What you need to do: Wherever the line that contains "Det är satt" falls, repeat it and the lines after it exactly until the records end, without any pictures.

(Record excerpts begins)

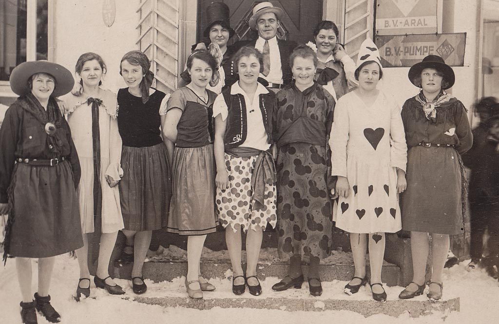 Vor der Haustür des Hauses Engesser (Demetriusstr. 4) hat sich diese Narrengruppe für ein Erinnerungsfoto aufgestellt. Zwei Cowboys stehen breitbeinig links und rechts, wie aus einem Westernfilm entnommen. Mit ihren großen Hüten, Halstüchern, breiten Gürteln und den auffälligen Fellhosen wirken sie kampfbereit und selbstbewusst. In ihren Händen halten sie »Käpselepistolen« – fest umklammert, als müssten sie jeden Moment zum Duell antreten.
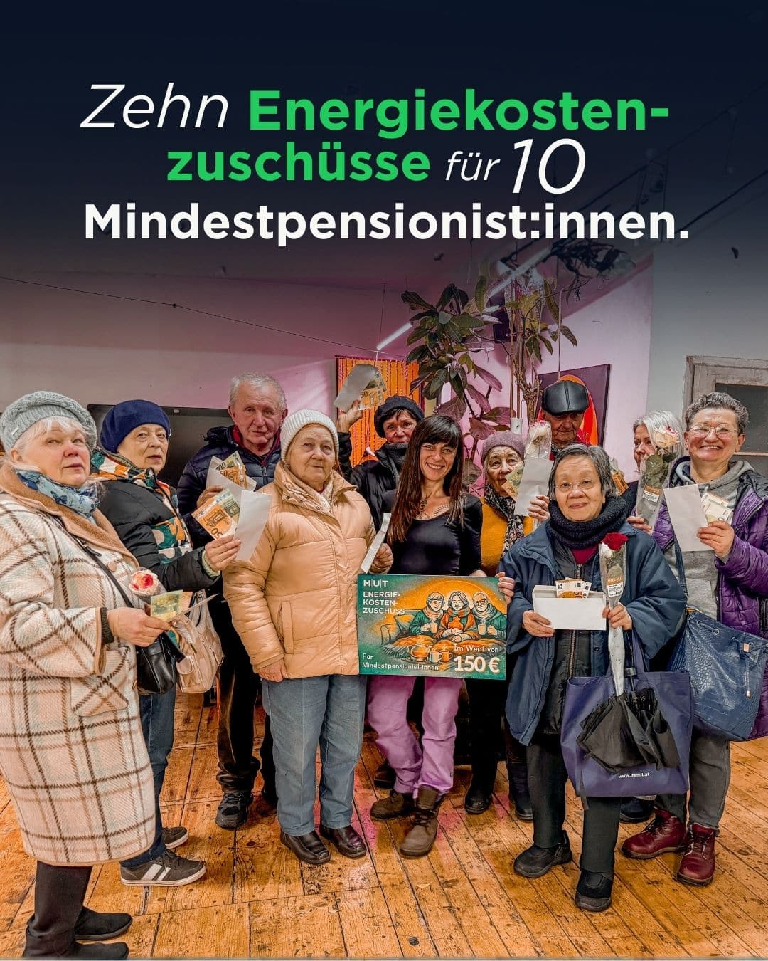 Diesmal waren es zehn Mindestpensionist*innen, die sich über jeweils 150 Euro freuen konnten. Bei einem gemeinsamen Frühstück bekamen sie von Jasna, Leiterin unserer Not- und Obdachlosenhilfe, die Energie-Unterstützung überreicht. Die Freude war allerseits groß, manche hatten Tränen in den Augen.
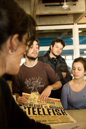 ► Aproximación a la investigación descriptiva: la tipografía y la música a través de la historia Con el principal bjetivo de promover el desarrollo de actitudes y habilidades relacionadas con las tareas de investigación, promover el análisis de la tipografía dentro de su contexto histórico y relacionar la tipografía con otras expresiones formales, se asigna a cada alumno un período de 10 años, dentro del cual deben elegir un género musical. Los alumnos realizan una recolección del material gráfico vinculado a la música de dicho período y lo analizan —apoyados por una guía de interrogantes— tratando de establecer líneas de referencia entre el género musical, la tipografía y las piezas analizadas desde una perspectiva histórico-tecnológica. El resultado de este estudio se expone en las comisiones, con el apoyo de un póster que sintetiza en forma de diagrama las principales relaciones encontradas.
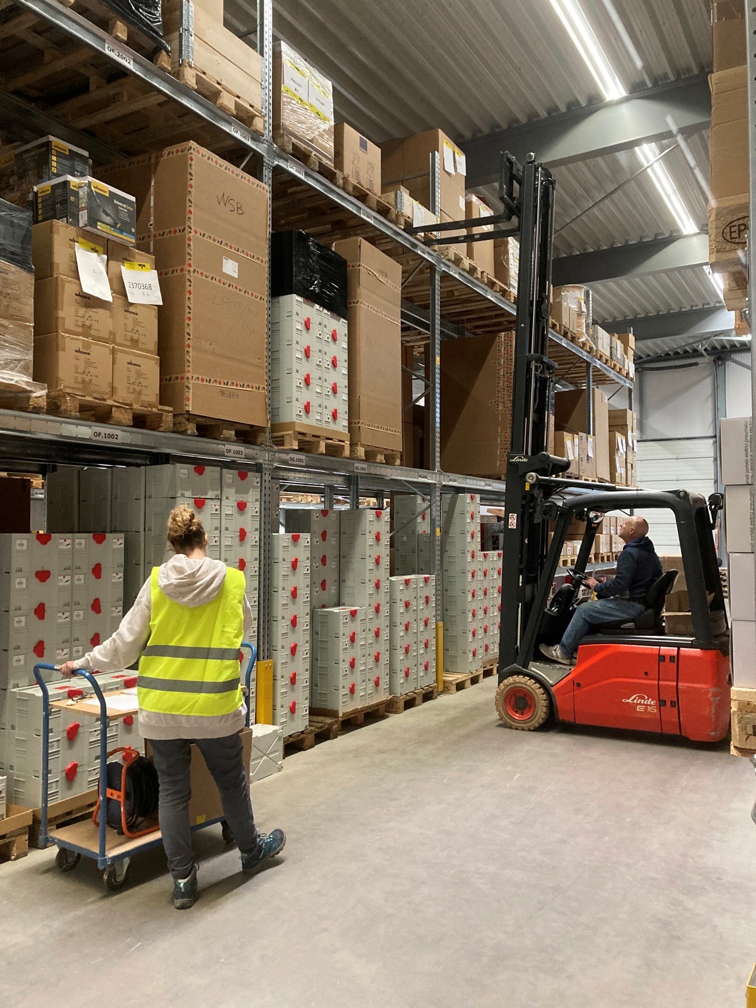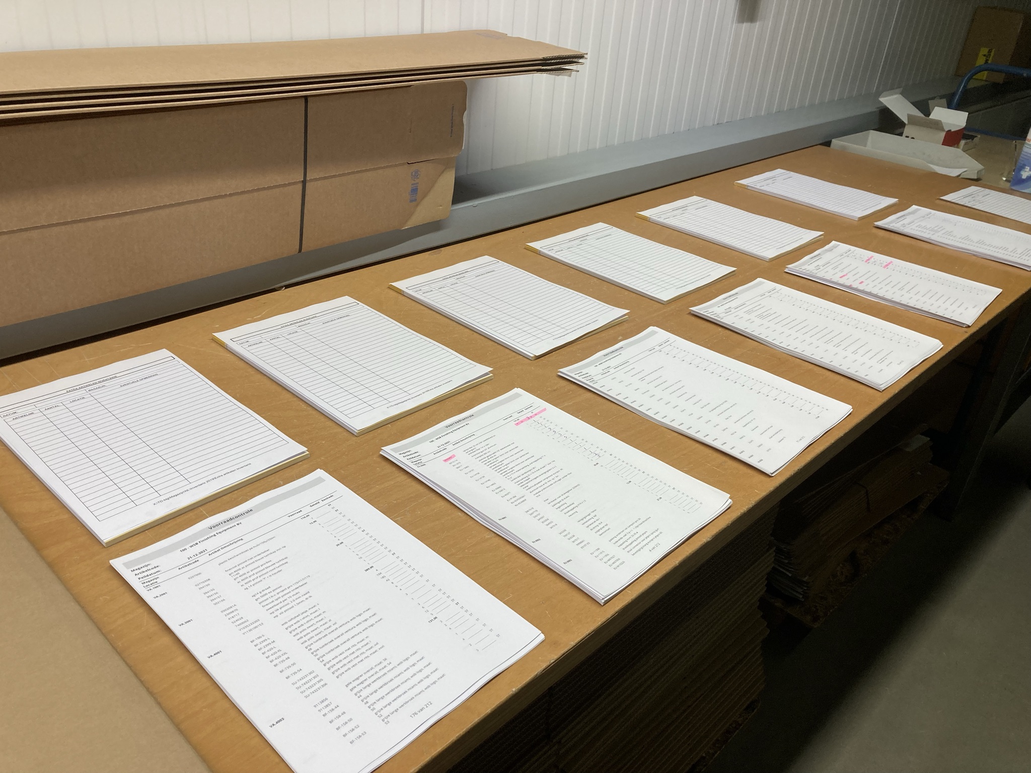 WSB bestaat al even. Met het tellen begonnen, vraag ik Danny hoe het vroeger eraan toe ging. ‘Oh, verschrikkelijk! Het lag bomvol, maar niets klopte.’ Met de jaren bracht Els met het magazijn en backoffice team daar verandering in. Het open magazijn werd afgetimmerd en een computergestuurd systeem werd aangebracht. Nu velen jaren later staan we in een net twee jaar oud hoofdmagazijn, waar de Grote Inventarisatie wordt uitgevoerd. ‘'t Gaat nu wel een héél stuk beter. Iain heeft het goed onder controle!’
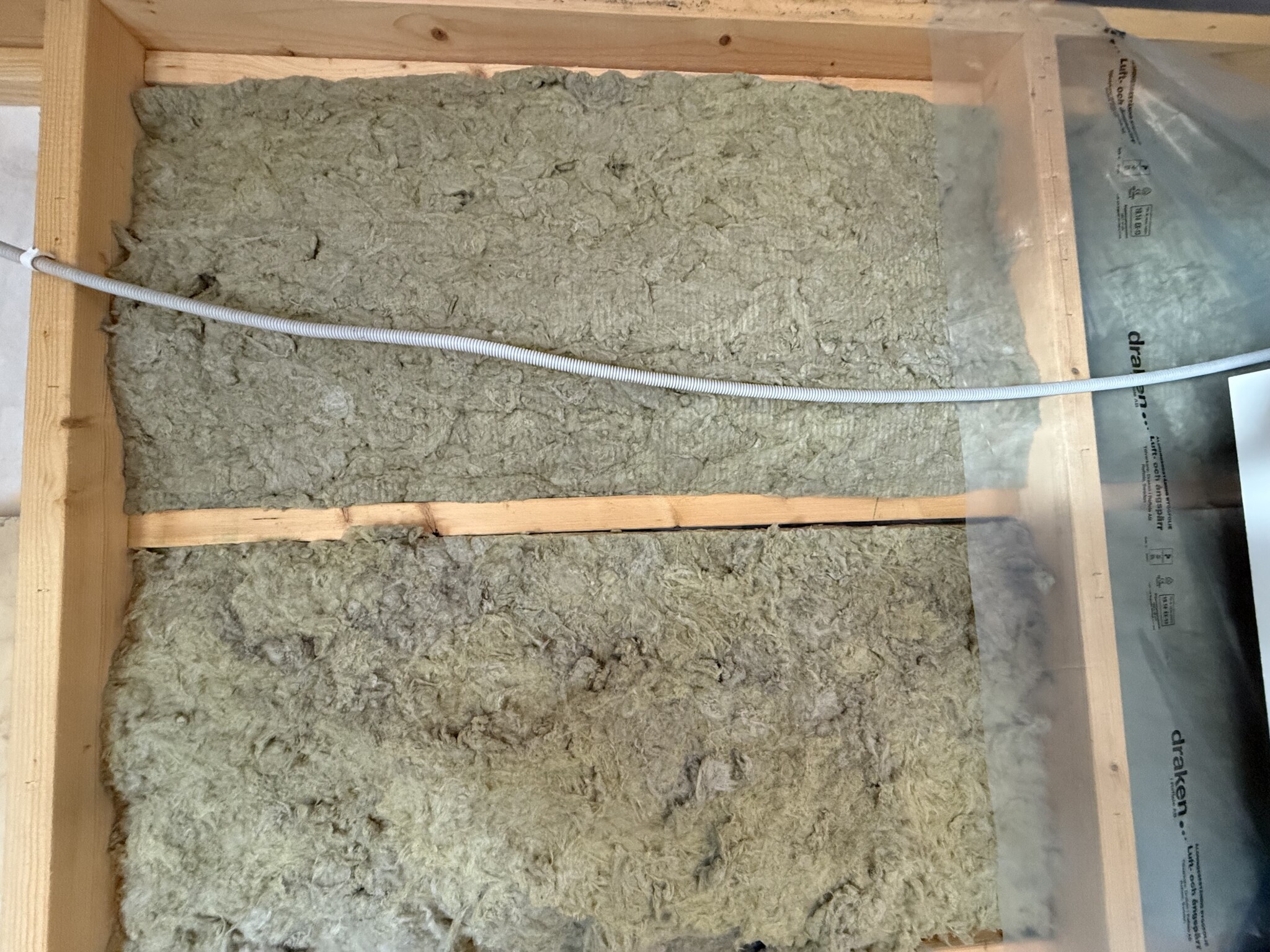 Det är satt dubbla lager med 45mm isolering i ett 120mm fack.
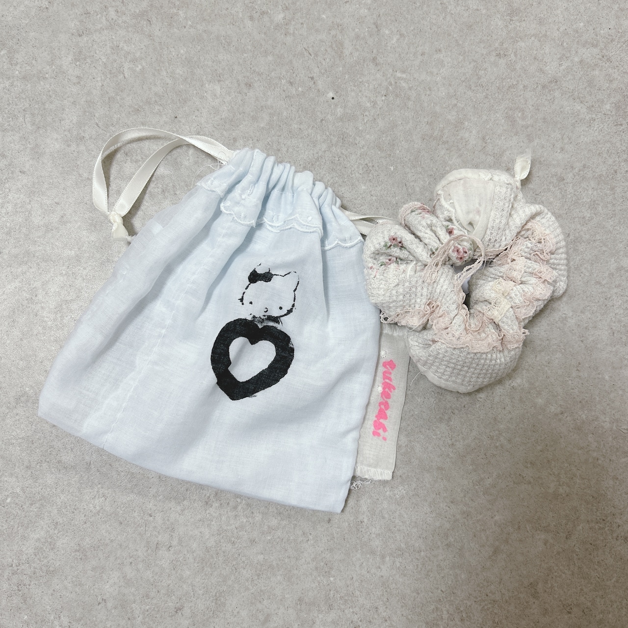 今回製作した生地のかわいいを残しておいて繋ぎ合わせたシュシュと巾着にはシルクプリントしたにゃんにゃん付きSETです。

(Record excerpts ends)

Answer space:
 Det är satt dubbla lager med 45mm isolering i ett 120mm fack.
 今回製作した生地のかわいいを残しておいて繋ぎ合わせたシュシュと巾着にはシルクプリントしたにゃんにゃん付きSETです。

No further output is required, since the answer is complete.